Quando criança – embora com frequência isso me escape à memória – meu cabelo era mantido da forma natural. Os penteados variavam entre miojinho, trancinhas soltas com miçangas coloridas nas pontas e, mais habitualmente do que a Mariana da infância gostava, trança nagô. Apesar de odiar o penteado por, principalmente, fazer com que eu me sentisse diferente das outras crianças na escola, comigo ali, sentada no chão entre suas pernas, de cabelos repuxados e apertados, minha mãe – propositadamente ou não – tendia a não se render aos alisamentos infantis, que prometiam amaciar e domar os cabelos crespos ou soltar os cachos. Eventualmente, porém, esta se tornou um batalha perdida.
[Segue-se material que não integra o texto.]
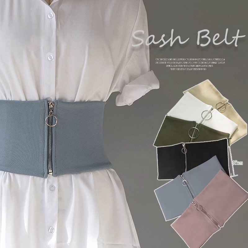 ウエストを細くみせる 全5色 伸縮性 サッシュベルト コルセット ワイドベルト 太ベルト フェミニン スタイリッシュ ファッション小物

Apesar de eu sempre ter odiado o processo de alisamento, fosse feito em casa ou em salão, acreditava na narrativa da facilidade do cuidado com o cabelo liso versus a dificuldade de cuidar do cabelo crespo. Acreditava que o cabelo liso era mais bonito ou parecia mais arrumado e elegante. Além, claro, da falta de referências de mulheres como eu, fosse na televisão ou nas ruas. Então, por muitos anos me mantive “forte” frente às queimaduras, ardências e machucados no couro cabeludo.
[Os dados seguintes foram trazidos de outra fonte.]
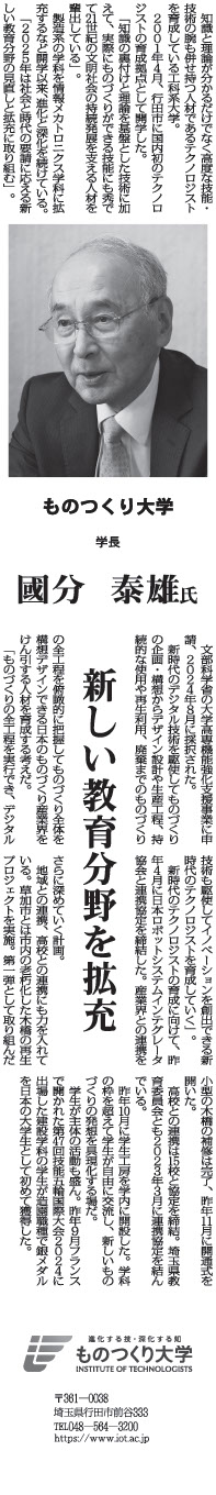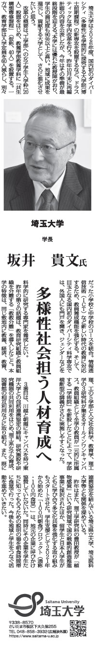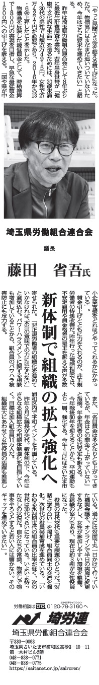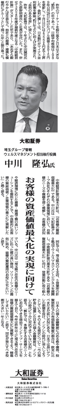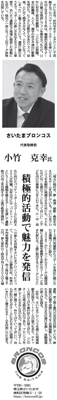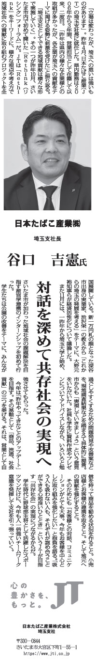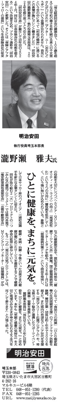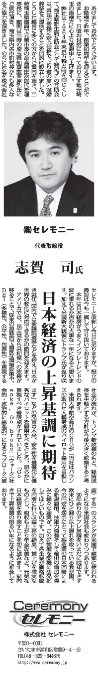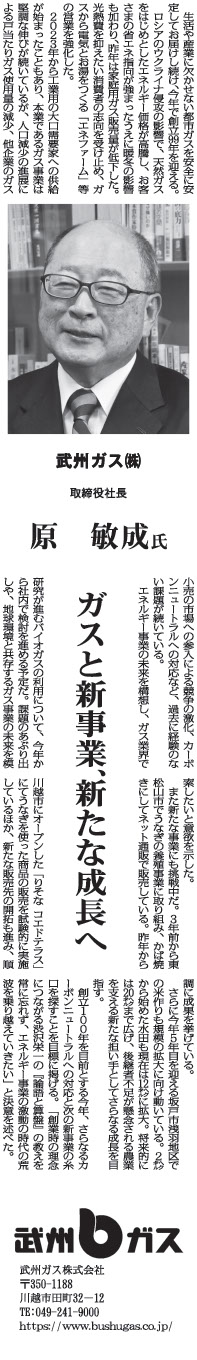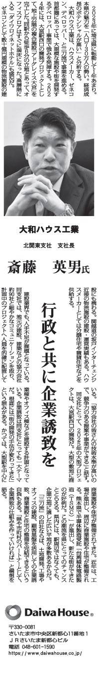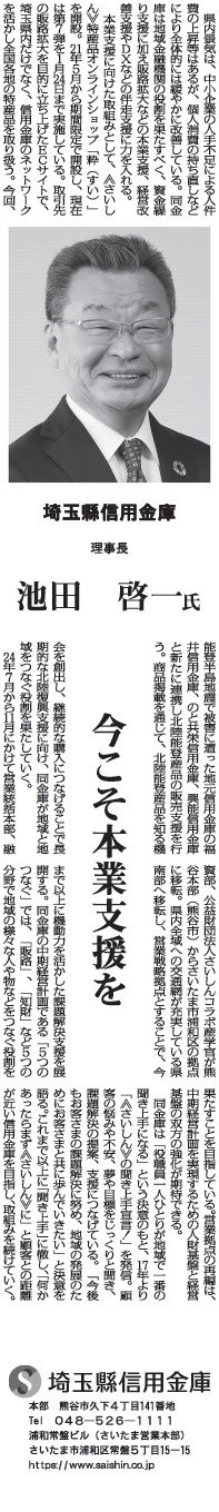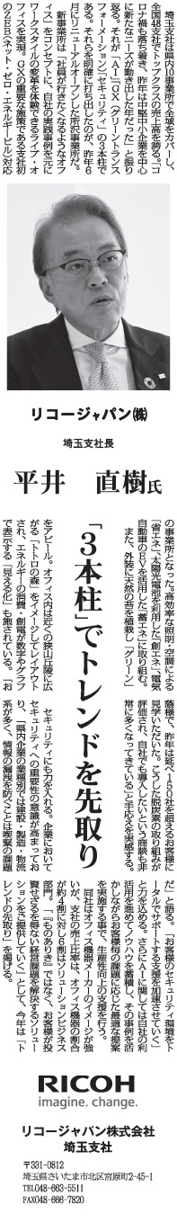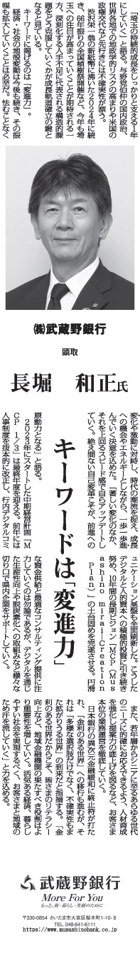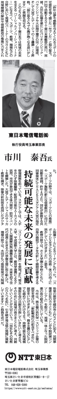 持続可能な社会の実現に向けて、世界情勢や国内経済がスピード感を増して変化する昨今、埼玉の2025年が幕を開けた。地域の未来を切り開く県内各界のトップは何を考え、新年にどのような展望を見据えているのか。137人に今年の期待や抱負を語ってもらった。

Na adolescência, com um pouco mais de autonomia, resolvi que não queria mais me submeter àquilo. Fui a um salão especializado em “beleza natural”, cortei toda a parte alisada, usei os produtos deles pra soltar os cachos e… chorei. Chorei porque não me reconheci no espelho, chorei porque sabia que viraria alvo de chacota – de pessoas próximas, inclusive –, chorei porque senti que tinha – apesar de ser pouquíssimo vaidosa – perdido a pouca feminilidade que me restava. E, poucos meses depois, voltei para o alisamento.
Toda essa história me faz pensar no quanto a transformação do meu cabelo caminhou lado a lado com o início e a formação do meu letramento racial e com o reconhecimento da minha própria identidade enquanto mulher negra. E, de 2018 pra cá, tenho pensado muito sobre o que tem sido e o que é, de fato, a aceitação capilar de que se vem falando.
Tenho visto conteúdos, TikToks, vídeos de YouTube, posts de Instagram de mulheres negras que passaram pela transição e voltaram a alisar o cabelo anos depois e me pergunto: até que ponto o cabelo crespo, especialmente o tipo 4, é verdadeiramente aceito? E, consequentemente, até que ponto a mulher negra é, de fato, aceita, visto que, muitas vezes, o cabelo negro está intrinsecamente atrelado a própria identidade enquanto mulher negra?
Infelizmente, este não é um texto de grandes questionamentos e sequer traz resposta para o que foi levantado. É, no entanto, um chamado à reflexão. Até onde você, mulher negra, é genuinamente aceita nos lugares e espaços que ocupa – ou tenta ocupar?